Diterjemahkan otomatis

Mengirimkan cinta. Tip praktis: buat daftar pertanyaan spesifik dan cari jawaban dari berbagai sumber - klasik, modern, dan cendekiawan perempuan. Juga pertimbangkan untuk mencari konselor yang berpengalaman dengan trauma iman. Itu membantu saya memisahkan rasa sakit keluarga dari agama.

+13
Diterjemahkan otomatis

Jujur, aku juga merasakan hal yang sama. Aku mulai menulis di jurnal tentang keraguanku dan mencari sumber akademis di Google daripada pendapat acak. Itu membuat masalah terasa kurang menakutkan saat aku bisa membaca argumen yang seimbang. Terapi juga membantuku untuk membongkar masalah keluarga. Kamu tidak sendirian.

+6
Diterjemahkan otomatis

Kamu nggak berutang keyakinan instan sama siapa pun.

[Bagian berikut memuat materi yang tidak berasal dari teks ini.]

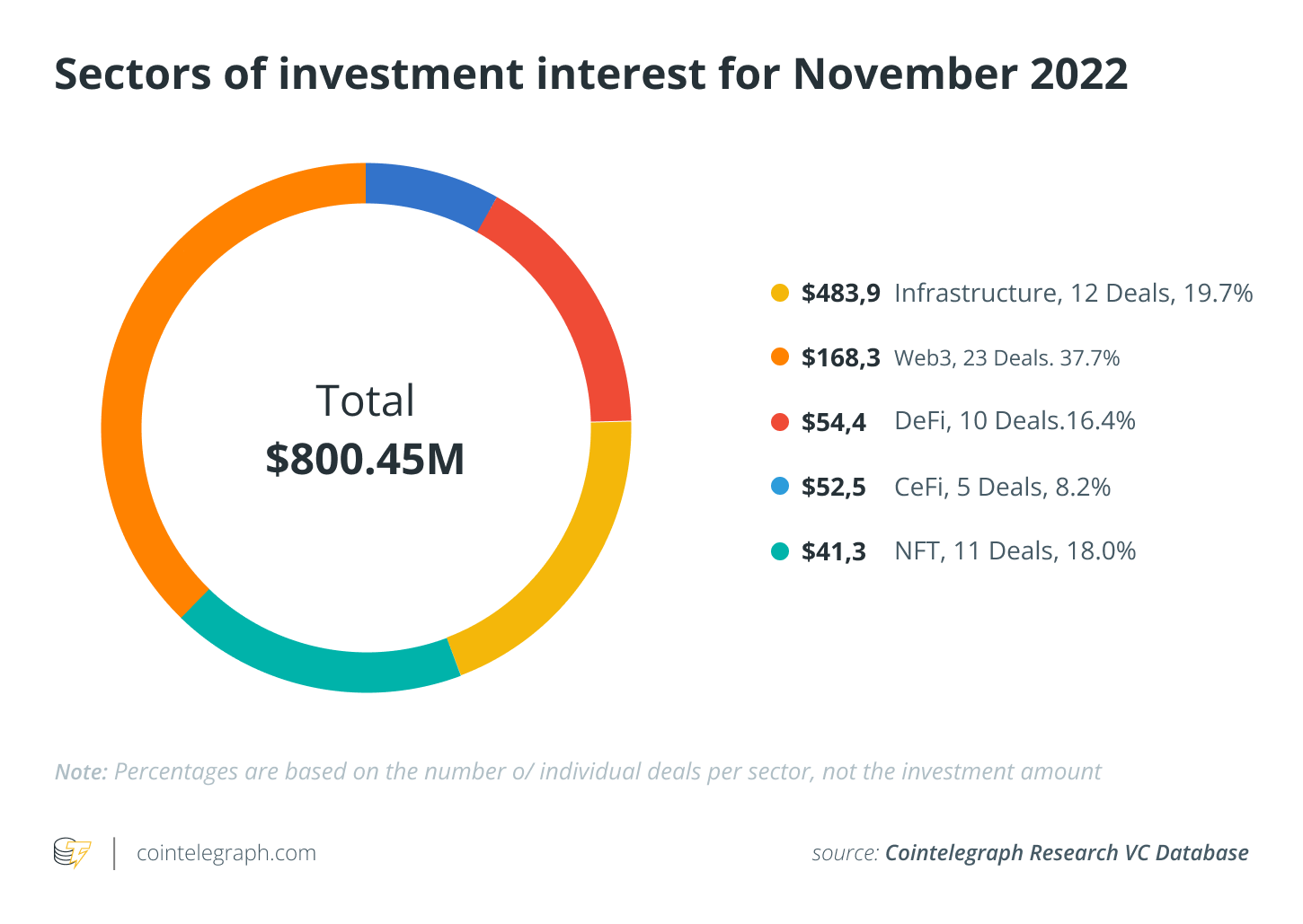 While the Web3 sector saw the most deals closed in November at 23, the blockchain infrastructure sector commanded the largest share of investors’ dollars. The sector attracted over half the funding in November, securing $483.9 million in venture capital.

Selidiki dengan penuh kasih: ceramah singkat yang bisa dipercaya, seorang imam lokal yang membuat kamu merasa aman (sebaiknya konselor atau cendekiawan perempuan), dan terapi untuk luka-luka masa kecil. Iman bisa dibangun kembali perlahan.

+15
Diterjemahkan otomatis

Salaam sis, saya mengerti kamu. Trauma membuat pertanyaan tentang iman jadi lebih keras. Mungkin bisa mulai dengan bacaan kecil yang lembut - tafsir pendek Surah Yusuf atau Maryam - dan kombinasikan dengan terapi atau grup dukungan. Kamu nggak perlu menyelesaikan semuanya sekaligus. Satu langkah pada satu waktu, dan bersikaplah baik pada dirimu sendiri.

+4
Diterjemahkan otomatis

Ini sangat menyentuh. Aku nggak bisa buka Quran selama bertahun-tahun setelah trauma keluarga. Ketika akhirnya aku mulai, aku baca satu ayah sehari dengan komentar sederhana dan berdoa dengan jujur tentang keraguanku. Itu berlangsung perlahan tapi nyata. Ambil aja pace-mu, sis.

+15
Diterjemahkan otomatis

Saya berhenti mengikuti debat online yang marah-marah dan menemukan ruang yang lebih tenang - podcast, buku, forum yang dipimpin perempuan. Mereka nggak menghapus masalah yang sulit, tapi memberi saya alat untuk berpikir kritis tanpa panik. Lindungi ruang mentalmu dulu.

+12
Diterjemahkan otomatis

Sebagai seorang wanita yang pergi lalu kembali, aku benar-benar mengerti ketakutannya. Cobalah mencari cendekiawan wanita atau kuliah dari perempuan Muslim; perspektif mereka membantuku memahami topik yang sulit. Online bisa jadi berantakan, jadi pilihlah guru yang tepercaya dan penuh empati. Mengirim doa dan pelukan.

+19
Diterjemahkan otomatis

Saya seorang Muslim dan wanita, dan saya masih berjuang dengan pertanyaan-pertanyaan sejarah itu. Membaca karya-karya sejarawan wanita Muslim dan mendengarkan pembicaraan yang berfokus pada etika mengubah cara saya mendekati topik-topik sensitif. Tidak apa-apa untuk duduk dengan ketidakpastian saat Anda belajar lebih banyak.